So, here's a question that has propped up in my research. Suppose that we have at our disposal $K$ independent homogeneous Markov chains evolving on a common, finite state space $S$. At each time instant $t=0,1,2,\ldots$, only one out of the $K$ Markov chains may be selected and its state may be observed. During this time, the unobserved Markov chains continue to evolve.
As a consequence of the last point mentioned above, there is a certain 'delay' associated with observing each Markov chain. Let $\tau$ be a stopping time until when the Markov chains are sampled one at a time in a sequential manner. We shall denote by $N_a(\tau,d,i)$ the number of times Markov chain $a$ is selected when its delay is $d$ and it was observed in state $i\in S$ the previous time. Here, $d\leq \tau$ and $a\in\{1,2,\ldots,K\}$.
I would like to compute the following expectation: \begin{equation} E\bigg[\sum\limits_{a=1}^{K}\sum\limits_{d=1}^{\tau}\sum\limits_{i\in S}N_a(\tau,d,i)\,c(a,d,i)\bigg], \end{equation} where $c(a,d,i)$ are positive constants for each $a,d,i$ triple.

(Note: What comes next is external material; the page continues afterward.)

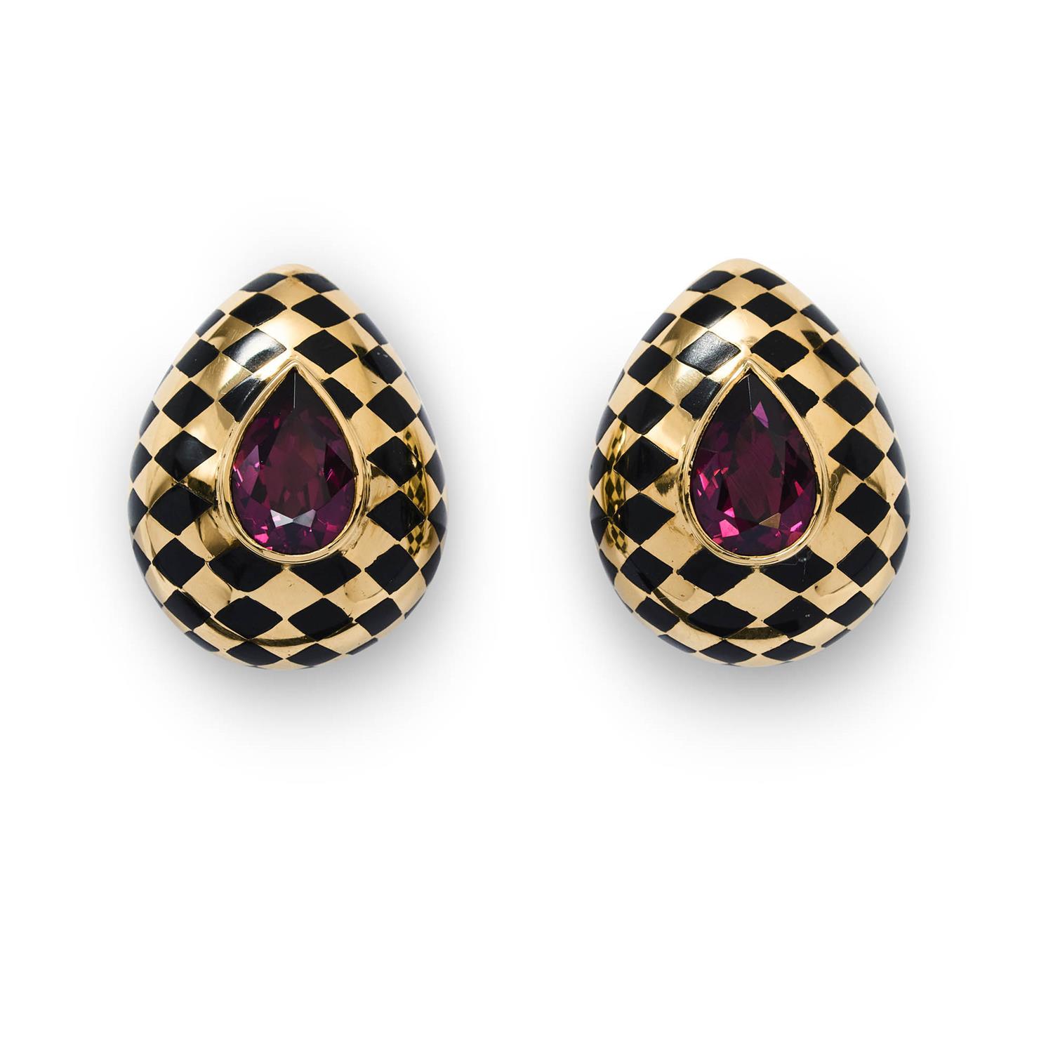 ANGELA CUMMINGS PAIR OF 18CT GOLD TOURMALINE AND BLACK JADE CLIP EARRINGS, CIRCA 1984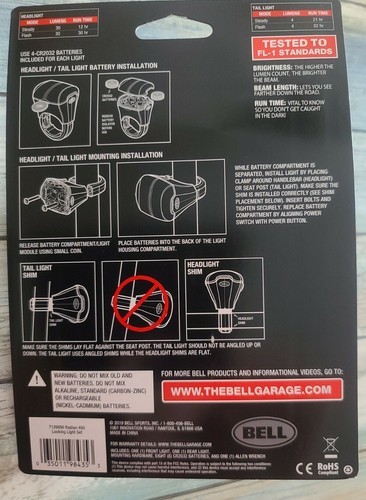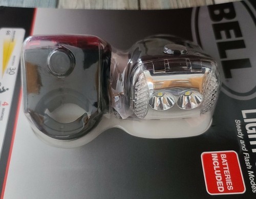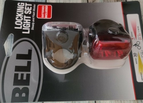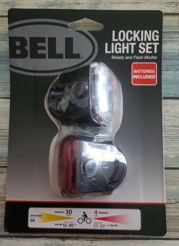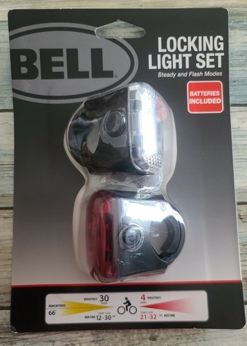This sale is for one (1) Bell Locking Light Set Steady Flash Modes Headlight ~ 30 Lumens ~ Steady light 12 hours ~ Flashing light ~ 30 hours ~ 66' Beam Distance Tail Light ~ 4 Lumens ~ Steady light 21 hours ~ Flashing light ~ 32 hours Model #7120856 Batteries included ~ Uses 4-CR2032 Batteries Please view photos for a good description of this item Thank you!

While the summation terms with respect to $a$ and $i$ are finite sums, there is no problem with pushing the expectation inside these summations. However, there is $\tau$ in the upper limit of the summation over $d$, and it looks like I need a Wald type identity to simplify this summation and expectation. However, I do not know of any such identity in the current context of Markov chains. Moreover, the collection of random variables $\{N_a(\tau, d,i)\}_{1\leq d\leq \tau}$ is not really independent.
Any help in this direction would be greatly appreciated.